Overview of our technique for programming heterogeneous multi-core systems

Fig. 2

Source code for image convolution before refactoring

Fig. 3

Source code for image convolution after refactoring

4 Deriving Mappings Using Monte Carlo Tree Search

In this section, we describe a model that we use to derive, for a given skeletal configuration, a good static mapping of its components to the available hardware. A static mapping in our case corresponds to a particular choice of values for the parameters of skeletons, i.e. the number of workers in each farm, the type (CPU or GPU) of each worker in each farm and each stage of each pipeline. The quality of a mapping is derived from a specific evaluation function Q, being a combination of the runtime and the resource utilisation.

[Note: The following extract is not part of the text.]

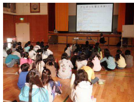
平成 22 年度出前授業の様子
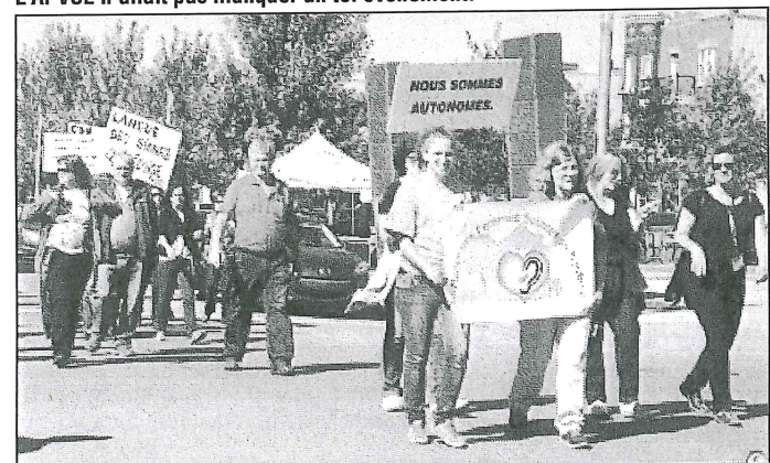
Ici, on voit 2 fières représentantes de la MFSM.

Association des Sourds de Lanaudière Inc.

Our model accepts as an input a skeletal configuration and the timings for its components (derived from profiling both for CPU and GPU versions, if the GPU version of a component is available). As an output, it produces a candidate static mapping and the corresponding estimated runtime of the skeletal configuration. Since considering all possible static mappings for a given skeletal configuration may be computationally intractable, an optimisation method is used. Here, we use the Monte Carlo Tree Search (MCTS) approach, well known for generating and evaluating large game trees in Game theory. In our case, the nodes of the generated tree correspond to estimated near-optimal mappings (with some of the skeleton parameters fixed) and the leaves of the tree correspond to complete mappings. The root of the tree corresponds to the near-optimal mapping of the whole skeleton configuration (with none of the parameters fixed). The children of a node represent different possibilities for fixing a yet unfixed skeleton parameter.

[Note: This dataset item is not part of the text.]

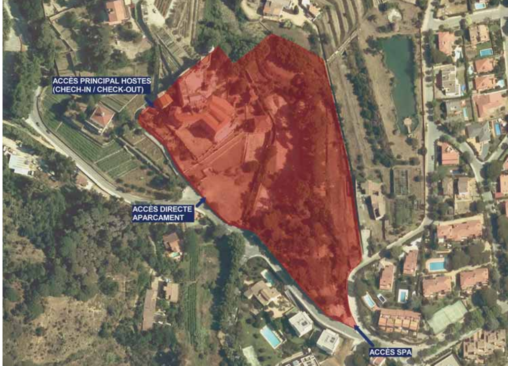
Subàmbit 1: Superfície que formarà part del futur hotel.

a conseqüència de la condició de parcel·la única i indivisible de la zona d'aprofitament privat, la cessió del 10% d'aprofitament urbanístic es preveu que sigui substituïda pel seu valor econòmic en el tràmit del Projecte de Reparcel·lació”.

The MCTS approach starts from a tree that consists only of a single root node (i.e. a static mapping where no parameters are chosen). It proceeds by repeating the following three steps:

1. 1.

   Expansion step—A node (corresponding to a partial static mapping) is selected, and one of its children is added to the tree. This is equivalent to assigning a value to one previously unassigned parameter;

2. 2.

   Selection step—Starting from the newly added node, a complete static mapping is generated by randomly assigning the remaining unassigned parameters. The resulting static mapping is evaluated based on the evaluation function, Q, yielding the valuation v;

3. 3.

   Propagation step—The valuation, v, is propagated back to the node added in step 1.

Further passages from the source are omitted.